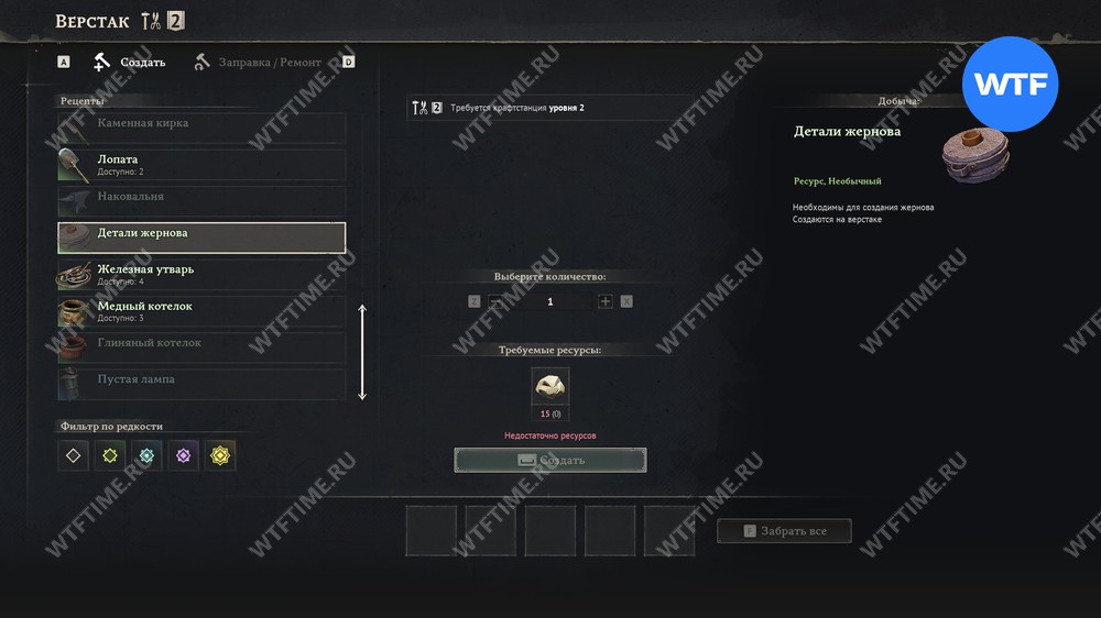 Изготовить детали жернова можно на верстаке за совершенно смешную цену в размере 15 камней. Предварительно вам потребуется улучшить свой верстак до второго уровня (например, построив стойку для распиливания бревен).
* * *
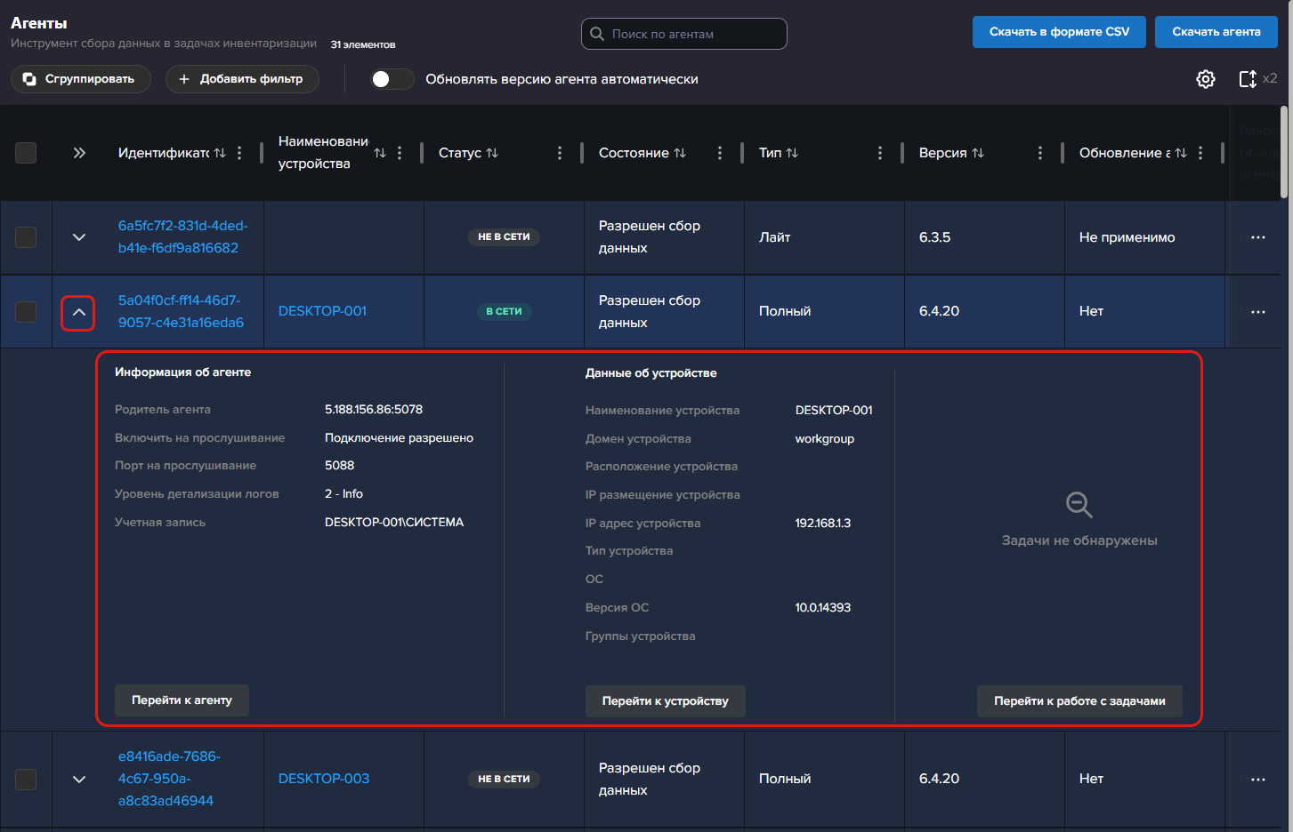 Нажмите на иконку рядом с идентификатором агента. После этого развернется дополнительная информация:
...
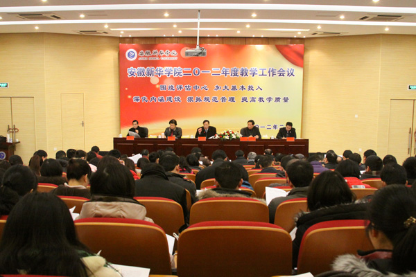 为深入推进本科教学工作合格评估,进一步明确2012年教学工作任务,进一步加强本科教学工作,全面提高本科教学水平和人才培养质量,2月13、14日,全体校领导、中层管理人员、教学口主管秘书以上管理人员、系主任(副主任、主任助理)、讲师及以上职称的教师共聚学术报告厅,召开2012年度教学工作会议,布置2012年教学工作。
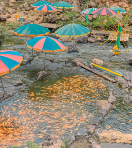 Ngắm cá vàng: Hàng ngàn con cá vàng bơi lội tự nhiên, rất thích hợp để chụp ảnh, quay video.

Problem to work on:
Your reply is to be an exact repeat of the listing above from the line holding "为深入推进本科教学工作合格评" down to the line holding "Ngắm cá vàng: Hàng", ends included, pictures excluded.

Final answer:
 为深入推进本科教学工作合格评估,进一步明确2012年教学工作任务,进一步加强本科教学工作,全面提高本科教学水平和人才培养质量,2月13、14日,全体校领导、中层管理人员、教学口主管秘书以上管理人员、系主任(副主任、主任助理)、讲师及以上职称的教师共聚学术报告厅,召开2012年度教学工作会议,布置2012年教学工作。
 Ngắm cá vàng: Hàng ngàn con cá vàng bơi lội tự nhiên, rất thích hợp để chụp ảnh, quay video.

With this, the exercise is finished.